■ Dataset extract:
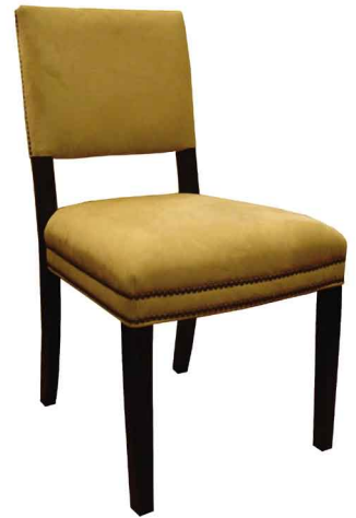
NEWTON DINING CHAIR On Select High Performance Fabrics Shown in Techno Khaki $350 | compare at $690
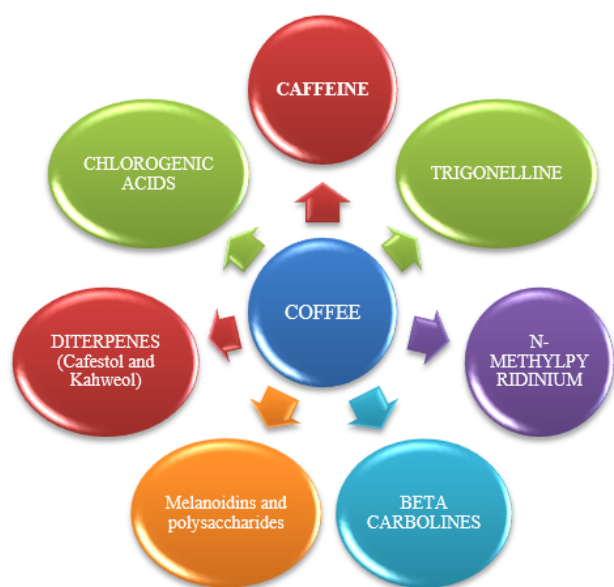
Fig. 1: Bioactive compounds present in coffee

neural function attributed to energy balance. Caffeine is rapidly absorbed through the gastrointestinal (GI) tract and moves through cellular membranes with the same efficiency as when it is absorbed and circulated to tissue. Caffeine is metabolized by the liver and results in metabolites like paraxanthine (1,7-dimethylxanthine), theophylline (1,3-dimethyl-xanthine), and theobromine (3,7-dimethyl-xanthine) by the action of an enzyme.

■ Work order: All of the material above should be set down again exactly, though not its pictures.

■ Output for this exercise:
NEWTON DINING CHAIR On Select High Performance Fabrics Shown in Techno Khaki $350 | compare at $690
Fig. 1: Bioactive compounds present in coffee

neural function attributed to energy balance. Caffeine is rapidly absorbed through the gastrointestinal (GI) tract and moves through cellular membranes with the same efficiency as when it is absorbed and circulated to tissue. Caffeine is metabolized by the liver and results in metabolites like paraxanthine (1,7-dimethylxanthine), theophylline (1,3-dimethyl-xanthine), and theobromine (3,7-dimethyl-xanthine) by the action of an enzyme.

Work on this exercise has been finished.